That's great. We've had this integration since last year in 0.10 but what was missing initially was support for ACLs (Access Control Lists). Let me run through a use case here that kind of defines why we need that.

Let's say you have a few different groups building services in your organization. You have a group doing a:

  • Users API.

  • Payments API.

  • Web portal.

Each group can deploy their application, define their intentions, everything's only talking to what it's supposed to but nothing's really stopping anyone from submitting a job to Nomad that is masquerading as another service. Maybe this is accidental, someone copied some configuration and didn't change the service name or something. Now, they're launching their application that's registering as the payments API and you're getting errors thrown in this case, or maybe it's a malicious attempt to try and exfiltrate some data or something like that.

What we want to be able to do is provide some tools such that you can restrict this from happening in a way that still keeps the cluster secure. Nomad's always had ACL integrations and it's supported integrating with Consul's, ACL system as well, but Nomad's ACL system is not really built for these fine-grained controls. It's more of a—who can perform the operator privileges in a cluster and who is more of a cluster user and you can just submit jobs and read the cluster, whereas Consul's ACL system is more based on who can submit what services with what names or prefixes and names and whatnot.

Now, like I said, Nomad has supported Consul's ACL system but Nomad servers sort of get a privileged management token and they create the service registrations on behalf of the user submitting the job to the cluster.

What we wanted to do was have a way for Nomad users to submit a job to Nomad with their own Consul token, but there are some nuances to this because what we don't want is this token then to be used directly to register jobs because this token could be a privileged token too, or it could have permissions that we don't necessarily need for that service.

Like I said, this works, it blocks this arbitrary payments job from being able to run and register with Nomad, but I want to jump in and talk about how we architected this to sort of increase the security.

Nomad's Consul Connect Integration with ACL: The Security Story

Like I said, that token that you're submitting at job registration time is not the token that gets used. That token is just used to check permissions and if that token has the proper permissions to register the services in that job file, the job will get accepted and that token is just thrown away. It's only used for checking permissions.

Then, what happens is the Nomad server does its thing. It schedules the job just as it normally would.

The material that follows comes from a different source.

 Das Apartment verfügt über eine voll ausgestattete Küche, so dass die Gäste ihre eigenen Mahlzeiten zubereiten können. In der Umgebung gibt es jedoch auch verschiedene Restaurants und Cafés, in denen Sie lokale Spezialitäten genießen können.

When the Nomad client gets the job and starts to run that job, it sees that, "Hey, I've got a Consul Connect sidecar task that I need to configure and I need an ACL token for it." Well, instead of putting that privilege token on all your clients in all of your infrastructure, we don't want to do that. We want that privilege token to really stay as limited in scope as possible on the Nomad servers.

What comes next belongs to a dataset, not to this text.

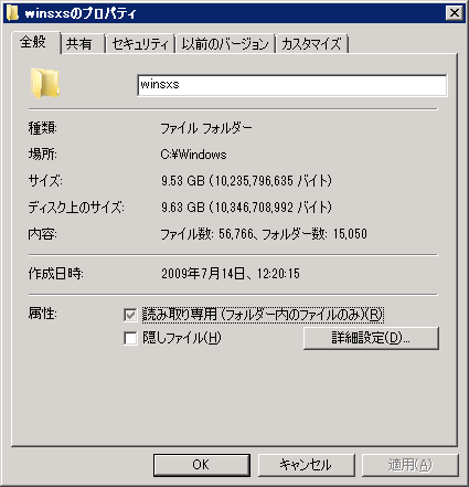 Windows Server 2008 をインストールしたときにはこんな大容量なフォルダーはなかったはず。。。

So Nomad clients actually call back to the Nomad servers and request a service identity token, which is a token that the Nomad server creates with its management token or its token with ACL write permissions, and it creates a token that is scoped specifically just to the permissions that are needed to run that sidecar. That token is only associated with that sidecar. You get this dynamic token that's created at runtime, lives only for the life of the service and then is destroyed, removed from Consul, and thrown away from Nomad's side. You get a very secure story here using Nomad's Consul Connect integration with ACLs.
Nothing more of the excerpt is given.